Connecting to Azure Storage from Spark: Methods and Code Samples¶

In this guide, I will walk you through the different methods to connect Apache Spark to Azure Storage services including Azure Blob Storage and Azure Data Lake Storage. You will learn how to set up your Spark session to read and write data from and to Azure Storage using various authentication methods.

Overview¶

Connecting Apache Spark to Azure Storage can be achieved through several methods, each suited for different scenarios and security requirements.

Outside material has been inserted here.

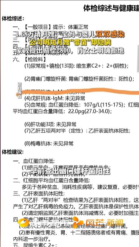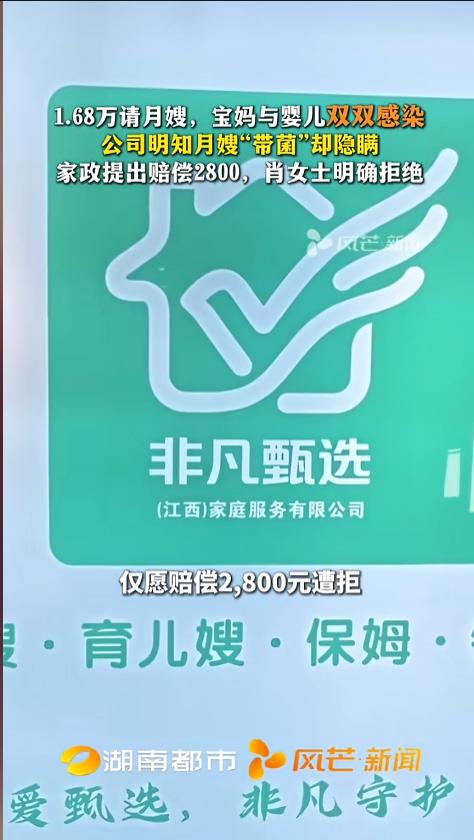 “请了个“瘟神”啊!”近日,江西南昌,一女子为了给宝宝专业的照顾,花费1.68万,从家政公司专门聘请了一位月嫂。不想对方竟是持假报告上岗,公司也帮忙隐瞒,最后导致女子和宝宝均被传染了幽门螺杆菌。网友:必须严查到底! 家政月嫂行业,从业人员的健康必须过关,毕竟请进家来就是为了照顾人的。可有些人竟弄些假报告,欺骗雇主,公司甚至还助纣为虐。 据媒体3月31日报道,肖女士刚生完孩子不久,她花费重金,专门请了一位月嫂,想要给宝宝专业的照顾。没想到,却被欺骗,月嫂竟然携带传染菌,最后婴儿和宝妈双双感染。 原来,这位月嫂之前查出了幽门螺杆菌阳性,一直服药治疗,还没到复查期呢,就弄了一个假的阴性报告上岗了。最气人的事,家政公司明明知道,却依旧选择了隐瞒,没有给肖女士提个醒。 后来,肖女士找到家政公司,面对她的质疑,对方竟全程保持沉默,只愿意赔偿2800元。 在我国,幽门螺杆菌感染率近60%,感染的人多,并不能说明它不致病。相反的,几乎所有感染者都会出现慢性胃炎,除此之外,它还可能导致胃癌。 网友看后表示,家政行业最重要的就是健康,他们明显违背了,得让卫健委等部门好好查查!月嫂、家政公司、出假报的体检机构,一个都不能放过! 信息来源:《1.68万请月嫂,宝妈与婴儿双双感染 公司明知月嫂“带菌”却隐瞒 家政提出赔偿2800,肖女士明确拒绝》风芒新闻

We will cover the use of ABFS driver for Azure Data Lake Storage Gen2, managed identities in Azure-hosted Spark, shared access signatures, and more.

Method 1: ABFS Driver for ADLS Gen2¶

The ABFS (Azure Blob File System) driver is specially designed for Azure Data Lake Storage Gen2 and supports OAuth2 authentication, providing a secure method to access your data.

Sample Code for ABFS Driver:¶

Here is a sample code to connect using OAuth authentication and service principal. The code requires Haddop Azure Storagae Jars which needs to be downloaded spearately.

from pyspark.sql import SparkSession

# Replace with your Azure Storage account information
storage_account_name = "your_storage_account_name"
client_id = "your_client_id_of_the_registered_app"
client_secret = "your_client_secret_of_the_registered_app"
tenant_id = "your_tenant_id_of_the_registered_app"

spark = SparkSession.builder \
    .appName("Any_App_Name") \
    .config("spark.jars", 
             "/usr/local/lib/python3.8/dist-packages/pyspark/jars/hadoop-azure-3.3.3.jar,"\
             "/usr/local/lib/python3.8/dist-packages/pyspark/jars/hadoop-azure-datalake-3.3.3.jar,"\
             "/usr/local/lib/python3.8/dist-packages/pyspark/jars/hadoop-common-3.3.3.jar") \
    .config(f"fs.azure.account.auth.type.{storage_account_name}.dfs.core.windows.net", "OAuth") \
    .config(f"fs.azure.account.oauth.provider.type.{storage_account_name}.dfs.core.windows.net", "org.apache.hadoop.fs.azurebfs.oauth2.ClientCredsTokenProvider") \
    .config(f"fs.azure.account.oauth2.client.id.{storage_account_name}.dfs.core.windows.net", client_id) \
    .config(f"fs.azure.account.oauth2.client.secret.{storage_account_name}.dfs.core.windows.net", client_secret) \
    .config(f"fs.azure.account.oauth2.client.endpoint.{storage_account_name}.dfs.core.windows.net", f"https://login.microsoftonline.com/{tenant_id}/oauth2/token") \
    .getOrCreate()

Method 2: Managed Identity for Azure-hosted Spark¶

For Spark clusters hosted on Azure, Managed Identity offers a way to securely access Azure services without storing credentials in your code.

Sample Code for Managed Identity:¶

from pyspark.sql import SparkSession

spark = SparkSession.builder \
    .appName("Azure Blob with Managed Identity") \
    .config("fs.azure.account.auth.type.<storage_account_name>.blob.core.windows.net", "CustomAccessToken") \
    .config("fs.azure.account.custom.token.provider.class.<storage_account_name>.blob.core.windows.net", "org.apache.hadoop.fs.azurebfs.oauth2.ManagedIdentityCredentialProvider") \
    .getOrCreate()

Method 3: Azure Blob Storage with Access Key¶

Using the Azure Blob Storage access key is a straightforward method to establish a connection, but it's less secure than using OAuth2 or Managed Identities.

Sample Code for Access Key:¶

from pyspark.sql import SparkSession

spark = SparkSession.builder \
    .appName("Azure Blob Access with Access Key") \
    .config("fs.azure.account.key.<storage_account_name>.blob.core.windows.net", "<access_key>") \
    .getOrCreate()

Method 4: Shared Access Signature (SAS)¶

Shared Access Signatures (SAS) provide a secure way to grant limited access to your Azure Storage resources without exposing your account key.

Sample Code for SAS:¶

from pyspark.sql import SparkSession

spark = SparkSession.builder \
    .appName("Azure Blob Access with SAS") \
    .config("fs.azure.sas.<container_name>.<storage_account_name>.blob.core.windows.net", "<sas_token>") \
    .getOrCreate()

Method 5: Environment Variables/Secrets¶

For an extra layer of security, use environment variables or a secret scope to manage your credentials, keeping them out of your code base.

Sample Code for Using Environment Variables/Secrets:¶

import os
from pyspark.sql import SparkSession

# Assume the environment variables or secrets are already set
storage_account_name = os.getenv('STORAGE_ACCOUNT_NAME')
sas_token = os.getenv('SAS_TOKEN')

spark = SparkSession.builder \
    .appName("Azure Blob Access with Environment Variables") \
    .config(f"fs.azure.sas.<container_name>.{storage_account_name}.blob.core.windows.net", sas_token) \
    .getOrCreate()